§ **Data shown**

▽

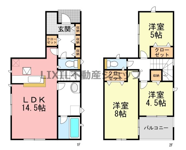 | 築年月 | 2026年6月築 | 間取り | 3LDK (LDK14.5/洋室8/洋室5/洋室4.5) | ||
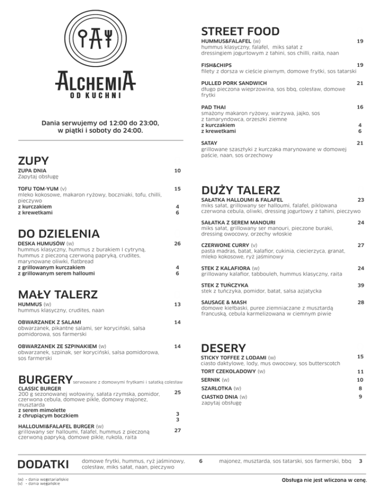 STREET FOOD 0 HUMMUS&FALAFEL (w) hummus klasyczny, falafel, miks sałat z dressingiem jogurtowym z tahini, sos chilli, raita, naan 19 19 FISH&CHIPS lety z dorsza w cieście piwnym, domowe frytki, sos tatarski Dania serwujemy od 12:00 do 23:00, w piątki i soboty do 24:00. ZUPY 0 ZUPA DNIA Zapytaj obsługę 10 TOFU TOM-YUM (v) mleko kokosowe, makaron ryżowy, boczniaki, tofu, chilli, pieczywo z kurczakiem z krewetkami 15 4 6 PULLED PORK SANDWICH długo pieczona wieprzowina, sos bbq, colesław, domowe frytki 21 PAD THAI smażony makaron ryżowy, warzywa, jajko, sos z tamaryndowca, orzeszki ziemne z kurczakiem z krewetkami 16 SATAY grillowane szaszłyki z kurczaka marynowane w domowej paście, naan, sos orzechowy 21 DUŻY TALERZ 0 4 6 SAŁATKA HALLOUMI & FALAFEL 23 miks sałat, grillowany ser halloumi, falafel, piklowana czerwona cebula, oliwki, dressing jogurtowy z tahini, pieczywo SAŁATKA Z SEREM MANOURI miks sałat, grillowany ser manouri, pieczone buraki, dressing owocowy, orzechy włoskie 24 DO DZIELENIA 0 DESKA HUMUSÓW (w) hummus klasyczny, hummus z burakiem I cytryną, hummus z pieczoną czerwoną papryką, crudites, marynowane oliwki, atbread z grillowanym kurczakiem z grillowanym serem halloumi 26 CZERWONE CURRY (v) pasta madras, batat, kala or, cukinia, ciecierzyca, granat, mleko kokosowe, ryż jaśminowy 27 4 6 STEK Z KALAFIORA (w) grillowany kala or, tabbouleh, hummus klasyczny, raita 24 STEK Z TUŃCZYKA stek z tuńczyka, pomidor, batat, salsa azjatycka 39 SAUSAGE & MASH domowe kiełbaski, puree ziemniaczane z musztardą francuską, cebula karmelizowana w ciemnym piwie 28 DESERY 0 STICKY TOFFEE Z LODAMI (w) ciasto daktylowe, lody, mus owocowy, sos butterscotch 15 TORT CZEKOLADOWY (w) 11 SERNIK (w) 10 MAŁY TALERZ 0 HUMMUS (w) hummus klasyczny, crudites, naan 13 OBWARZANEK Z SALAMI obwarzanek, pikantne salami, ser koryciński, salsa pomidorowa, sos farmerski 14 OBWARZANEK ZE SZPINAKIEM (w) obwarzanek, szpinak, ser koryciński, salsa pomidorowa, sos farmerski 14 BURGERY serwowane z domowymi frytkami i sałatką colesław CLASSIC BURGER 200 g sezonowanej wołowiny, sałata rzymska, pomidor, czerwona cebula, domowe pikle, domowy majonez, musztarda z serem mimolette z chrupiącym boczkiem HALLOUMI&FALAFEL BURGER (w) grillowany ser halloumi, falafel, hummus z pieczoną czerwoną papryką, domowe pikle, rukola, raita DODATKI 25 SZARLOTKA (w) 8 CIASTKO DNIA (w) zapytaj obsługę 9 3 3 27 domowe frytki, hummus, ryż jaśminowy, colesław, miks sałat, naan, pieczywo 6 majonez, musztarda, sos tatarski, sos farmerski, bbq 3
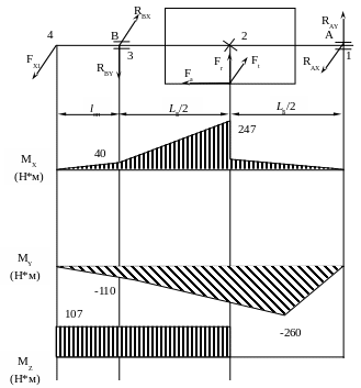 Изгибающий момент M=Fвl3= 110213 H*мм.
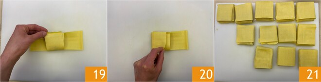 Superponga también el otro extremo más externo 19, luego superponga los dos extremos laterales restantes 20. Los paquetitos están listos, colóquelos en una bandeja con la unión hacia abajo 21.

△

§ **About this exercise**
Drop every image, please, and write out the data above exactly as shown.

§ **Output for this task**
 | 築年月 | 2026年6月築 | 間取り | 3LDK (LDK14.5/洋室8/洋室5/洋室4.5) | ||
 STREET FOOD 0 HUMMUS&FALAFEL (w) hummus klasyczny, falafel, miks sałat z dressingiem jogurtowym z tahini, sos chilli, raita, naan 19 19 FISH&CHIPS lety z dorsza w cieście piwnym, domowe frytki, sos tatarski Dania serwujemy od 12:00 do 23:00, w piątki i soboty do 24:00. ZUPY 0 ZUPA DNIA Zapytaj obsługę 10 TOFU TOM-YUM (v) mleko kokosowe, makaron ryżowy, boczniaki, tofu, chilli, pieczywo z kurczakiem z krewetkami 15 4 6 PULLED PORK SANDWICH długo pieczona wieprzowina, sos bbq, colesław, domowe frytki 21 PAD THAI smażony makaron ryżowy, warzywa, jajko, sos z tamaryndowca, orzeszki ziemne z kurczakiem z krewetkami 16 SATAY grillowane szaszłyki z kurczaka marynowane w domowej paście, naan, sos orzechowy 21 DUŻY TALERZ 0 4 6 SAŁATKA HALLOUMI & FALAFEL 23 miks sałat, grillowany ser halloumi, falafel, piklowana czerwona cebula, oliwki, dressing jogurtowy z tahini, pieczywo SAŁATKA Z SEREM MANOURI miks sałat, grillowany ser manouri, pieczone buraki, dressing owocowy, orzechy włoskie 24 DO DZIELENIA 0 DESKA HUMUSÓW (w) hummus klasyczny, hummus z burakiem I cytryną, hummus z pieczoną czerwoną papryką, crudites, marynowane oliwki, atbread z grillowanym kurczakiem z grillowanym serem halloumi 26 CZERWONE CURRY (v) pasta madras, batat, kala or, cukinia, ciecierzyca, granat, mleko kokosowe, ryż jaśminowy 27 4 6 STEK Z KALAFIORA (w) grillowany kala or, tabbouleh, hummus klasyczny, raita 24 STEK Z TUŃCZYKA stek z tuńczyka, pomidor, batat, salsa azjatycka 39 SAUSAGE & MASH domowe kiełbaski, puree ziemniaczane z musztardą francuską, cebula karmelizowana w ciemnym piwie 28 DESERY 0 STICKY TOFFEE Z LODAMI (w) ciasto daktylowe, lody, mus owocowy, sos butterscotch 15 TORT CZEKOLADOWY (w) 11 SERNIK (w) 10 MAŁY TALERZ 0 HUMMUS (w) hummus klasyczny, crudites, naan 13 OBWARZANEK Z SALAMI obwarzanek, pikantne salami, ser koryciński, salsa pomidorowa, sos farmerski 14 OBWARZANEK ZE SZPINAKIEM (w) obwarzanek, szpinak, ser koryciński, salsa pomidorowa, sos farmerski 14 BURGERY serwowane z domowymi frytkami i sałatką colesław CLASSIC BURGER 200 g sezonowanej wołowiny, sałata rzymska, pomidor, czerwona cebula, domowe pikle, domowy majonez, musztarda z serem mimolette z chrupiącym boczkiem HALLOUMI&FALAFEL BURGER (w) grillowany ser halloumi, falafel, hummus z pieczoną czerwoną papryką, domowe pikle, rukola, raita DODATKI 25 SZARLOTKA (w) 8 CIASTKO DNIA (w) zapytaj obsługę 9 3 3 27 domowe frytki, hummus, ryż jaśminowy, colesław, miks sałat, naan, pieczywo 6 majonez, musztarda, sos tatarski, sos farmerski, bbq 3
 Изгибающий момент M=Fвl3= 110213 H*мм.
 Superponga también el otro extremo más externo 19, luego superponga los dos extremos laterales restantes 20. Los paquetitos están listos, colóquelos en una bandeja con la unión hacia abajo 21.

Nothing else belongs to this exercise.